Phil Panatello, a small, intense, dark-haired man from Customs, was in charge of the task force and was occupying the center of the discussion with Ward Ogden.
"Do you have a record on Casey Ballantine?" he was asking.
"Not a thing," Ogden explained. "Which is obviously why he used her. Having no rap sheet and being the buffer between Cashman's operations half of the business and Liptak's management half, she basically became a fire wall. If it hadn't been for Mary Kunkle knowing both sides, we might still be wandering about in the dark."
Panatello picked up the contents of the envelope Budd Wilcox had handed over hours earlier. It was now getting close to midnight. "Right. So, what was her story?"
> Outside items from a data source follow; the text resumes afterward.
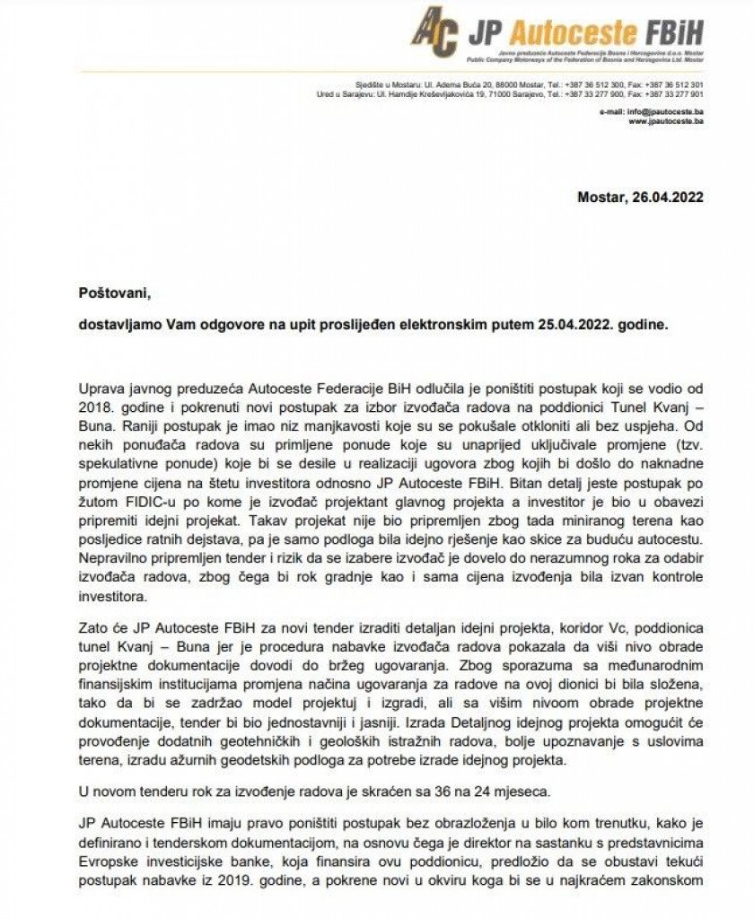 „Takav projekt nije bio pripremljen zbog tada miniranog terena kao posljedice ratnih djelovanja, pa je samo podloga bilo idejno rješenje kao skice za buduću autocestu. Nepravilno pripremljen tender i rizik da se izabere izvođač je dovelo do nerazumnog roka za odabir izvođača raddova, zbog čega bi rok izgradnje kao i sama cijena izvođenja bila izvan kontrole investitora. Nova Uprava JP Autoceste Federacije BiH d.o.o  odlučila je poništiti postupak za koji je odluka o pokretanju donesena 2018. godine i pokrenuti novi postupak za izbor izvođača radova na poddionici Tunel Kvanj – Buna. Raniji postupak je imao niz manjkavosti koje su pokušale otkloniti, ali bez uspjeha. Zato će JP Autoceste Federacije BiH d.o.o Mostar za novi natječaj izraditi detaljan idejni projekt, koridor Vc poddionica tunel Kvanj – Buna jer je procedura nabavke izvođača radova pokazala da viša razina obrade projektne dokumentacije dovodi do bržeg ugovaranja“, naveli su.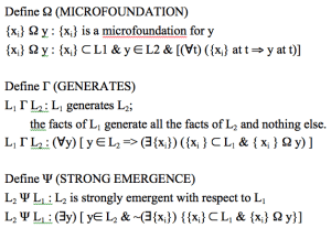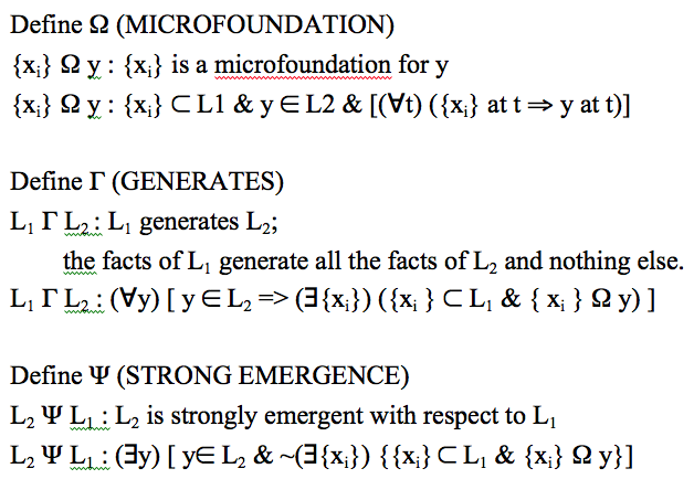 In other words, it appears that each of the concepts of supervenience, reduction, emergence, and generative dependence can be defined in terms of the availability of inavailability of microfoundations for some or all of the facts at a higher level based on facts at the lower level. Strong emergence and generative dependence turn out to be logical contraries (witness the final two definitions above).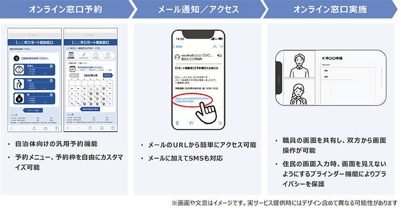 住民はパソコンやスマートフォンからWebサイトを通じてオンライン窓口の予約を行い、予約後に届くメールから簡単にオンライン窓口に接続することができます。専用アプリ等のインストールは不要で、URLをクリックするだけでつなぐことができるため、ITツールに不慣れな住民でも簡単に利用することができます。オンライン窓口では、自治体職員とビデオ通話ができるだけでなく、自治体職員が画面を共有し、その画面を双方で操作することもできるため、住民は画面上で不明点を会話・確認しながら一緒に手続きを進めることができます。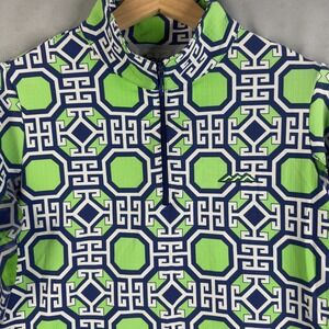 IBKUL Long Sleeve Polo Blue Green Geometric Women's Size M 1/4 Zip UPF 50+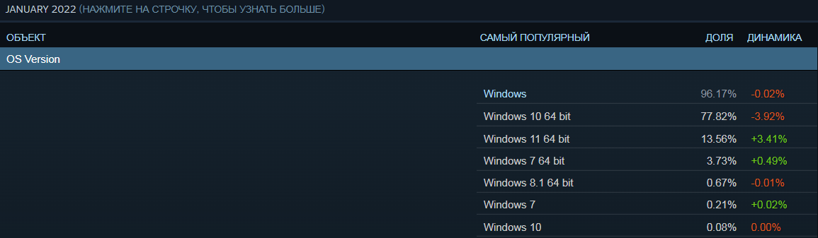 Многие пользователи, в том числе и среди геймеров, считают операционную систему Windows 11 "проходной", такой же, как Vista или Windows 8.1, и не спешат ее устанавливать, что подтверждается относительно скромными темпами прироста числа компьютеров и ноутбуков с данной ОС. Если взглянуть на обновленную статистику популярного игрового сервиса Steam от компании Valve за январь 2022 года, несложно заметить, что Windows 11 установлена менее, чем на 14% ПК и лэптопов.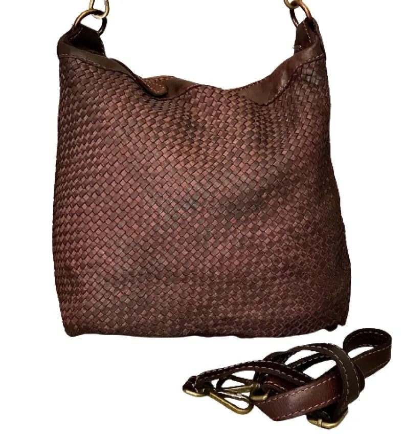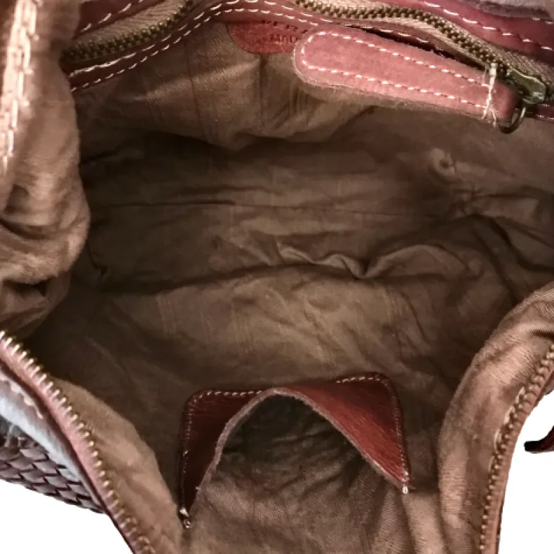 Original hand-woven leather bag by skilled craftsmen.

"Kunkle used to be Andy Liptak's girlfriend. From what we pieced together, after they split up and she got totally hooked on dope, the guilt kicked in and he began covering her basic financial needs, if just barely. That's obviously something he'd see now as a big mistake. 'Cause while she might've been grateful enough when she was scraping bottom-assuming she could think that clearly-after she cleaned up, she decided she was due some compensation."
"Is that where the Re-Coop comes in?" Phil Panatello asked, consulting another file.
"Maybe in part. Who knows if that was an incredibly ironic money-laundering device, or a deal Mary forced him to set up? There's a lot more digging to do yet. It's clear Mary's life took an upturn about six months ago- the rehab, the enrolling in school, the talk of future plans-which is also when she began contacting Cashman's people, presumably as a conduit to Liptak and his financing. But there's a ton of hypothetical thinking in there. We may never know all the details. We think we have a line on a secret bank account of hers that we were hoping might tell us more." Ogden paused to smile affably before adding, "All yours now, of course.